In the age of sporting superlatives, doping is always topical. Implementation often requires in-depth biological, and in some cases medical, expertise. The question arises to what extent physicians are involved in the process of doping and within what legal framework they operate in this regard.
Probably in every human activity some stain can be found, in sport without much discussion it is doping, and medicine is not uninvolved in it. But with pleasure “she” does not talk about it! To some degree, it is surprising that trade publications rarely drop a line on the subject. On closer analysis, however, this can perhaps be understood: The trade press advocates rational pharmacotherapy, something that is a distant priority in doping. There are probably also other reasons for this dismissive attitude: except for a few cases, although strongly presented in the media (Ben Johnson’s doctor in Seoul in 1988, or the Spanish gynecologist Fuentes), doctors are (surprisingly) extremely rarely involved in doping scandals, at least in relation to the number of positive doping cases worldwide. One might think that medicine is officially not involved. This is despite the fact that doping often involves specialists in the background of athletes who, to be effective, must have biological knowledge. The latter explains a frequently expressed public suspicion of the medical profession. For reasons that are easy to imagine, no one knows exactly how often doctors play an active role in doping crimes. It goes without saying that medical professionals are not the only dispensing source of medications. A quick surf on the Internet shows how easy it is to obtain doping products. However, it would be naïve to believe that the medical profession has no role to play. To our knowledge, no Swiss physician has been convicted of doping practices to date. However, the analysis of the cases handled by the Disciplinary Chamber for Doping Cases of Swiss Olympic shows that sometimes a not insignificant responsibility lies with members of the medical profession. A reason, then, to ask what a doctor – embroiled in a doping issue – would risk.
So, for these and other reasons, it does not seem unnecessary for the physician to be informed about some basics related to doping. Not least to protect himself, but also perhaps to play an important role in the fight against doping through his knowledge of the subject.
Definition doping
Even though there is a lot of talk about it, it may be useful to remember what exactly doping is. Efforts to find a universal definition of doping have been unsuccessful over the years. Today, therefore, one is content with legal explanations (Tab 1).
An active substance or method is prohibited in the above sense if it is accordingly listed as prohibited in the “List of Prohibited Substances and Methods” of the World-Anti-Doping Agency (WADA) at the time of the violation. This list is not part of the Articles of Association.
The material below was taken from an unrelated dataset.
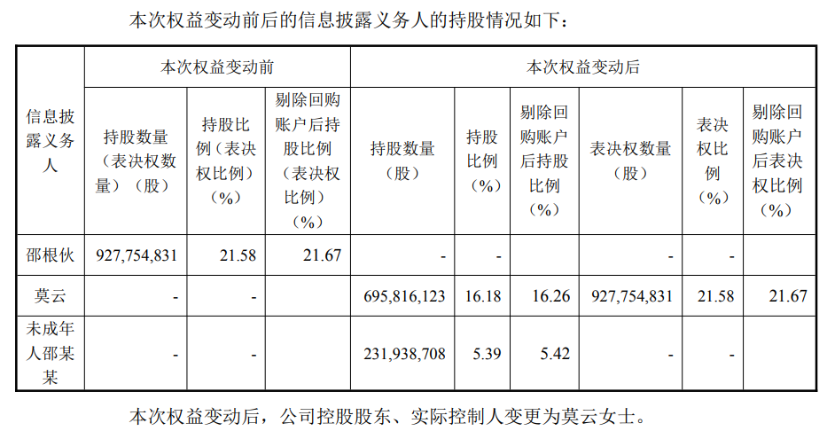 公告显示,邵根伙生前所持大北农约9.28亿股股份的50%为其遗产,由莫云及邵根伙和莫云的未成年女儿邵某某共同继承。

As can be seen, theoretically, the physician can be involved at various points.
The doping list
For physicians, the doping list plays a central role. It determines which pharmaceutical preparations and medical measures are to be used in athletes with restraint, even great caution (see paragraph on exceptional authorization for therapeutic purposes).
This list has been compiled and adjusted annually by the World Anti-Doping Agency (WADA) since 2004. However, in addition to medications whose use in everyday medicine is not exactly considered common, there are also quite conventional preparations that are regularly used in the practice of general practitioners and specialists. This list can easily be found at www.antidoping.ch.
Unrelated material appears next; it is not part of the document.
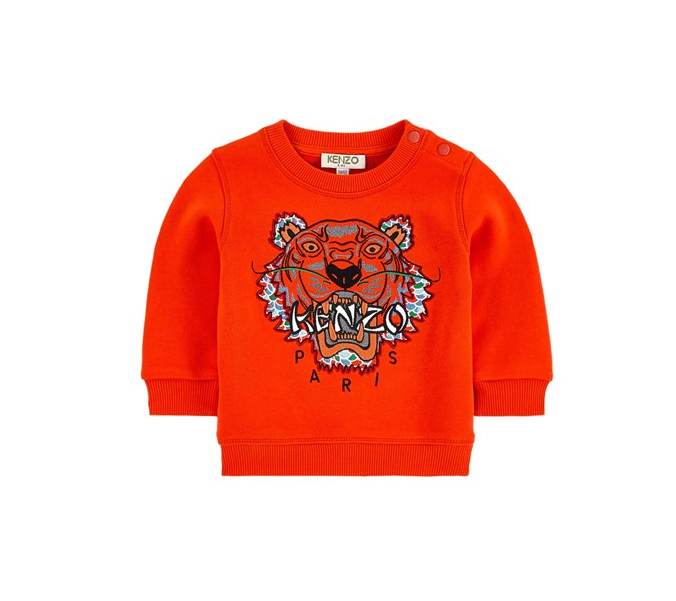 The Kenzo Tiger Baby Sweatshirt in Orange is a vibrant and stylish piece designed for little ones. Made from soft, mid-weight cotton jersey, this sweatshirt features the iconic Kenzo Tiger and logo embroidered prominently on the front, making it instantly recognizable and playful. The cheerful orange hue adds a fun pop of color to any outfit, while the quality construction ensures comfort and durability for everyday wear. Perfect for babies, this sweatshirt effortlessly combines designer flair with practical warmth for cooler days.

Exemption permits for therapeutic purposes
If an athlete absolutely needs a drug on the list, then there is an exception authorization rule (ATZ) that allows its use. An ATZ is only approved in accordance with certain criteria. An ATZ may be submitted after the fact for emergency treatment. With the help of his doctor, the athlete must provide a form with all the necessary information to justify the use of a prohibited drug. This form is examined by an expert group for national athletes in the country (in Switzerland a commission of Antidoping Switzerland). Only after receiving a positive confirmation, the athlete may start the planned therapy. An emergency clause is provided. This approach clearly represents the most common point of contact with the doping issue for the practicing physician.
The legal framework
Today, there is a complex international and national set of rules in the doping scene, in which the physician must also operate in order to be able to correctly perform his task as an advisor and caregiver of athletic patients (Fig. 1).
Internationally, the World Anti-Doping Agency (WADA) Anti-Doping Code applies uniformly. This document serves as the basis for all other sporting but also non-sporting rules. It provides not only athletes as doping offenders, but all potential “accomplices”. Doctors are mentioned by name. In the latest edition of the Code (2015), athletes are even encouraged to declare accomplices or other participants in order to benefit from the privilege of penalty reduction, an incentive not to be underestimated for the athlete who has become conspicuous. Furthermore, it is important to know that WADA maintains a publicly accessible list of persons banned for violating the Anti-Doping Act!
Swiss law
In Switzerland, public law is governed by the Sports Promotion Act (SpoFöG) and the Medical Professions Act (MedBG), while private law is governed by the Swiss Olympic Doping Statute 2015 and the FMH Statutes, in particular the Code of Professional Conduct. In the second section of the fifth chapter of this order, doping is discussed in detail. Punitive measures are mentioned, such as imprisonment or fine, both cumulative. In the associated section on the promotion of sport and exercise, there is even a list of illicit substances and methods, surprisingly not quite identical to the better known and more frequently used list of the sports world – Switzerland included! Although the MedBG does not mention doping, it can be assumed that the law could be applied in the event of a breach of good medical practice, which is governed by this law.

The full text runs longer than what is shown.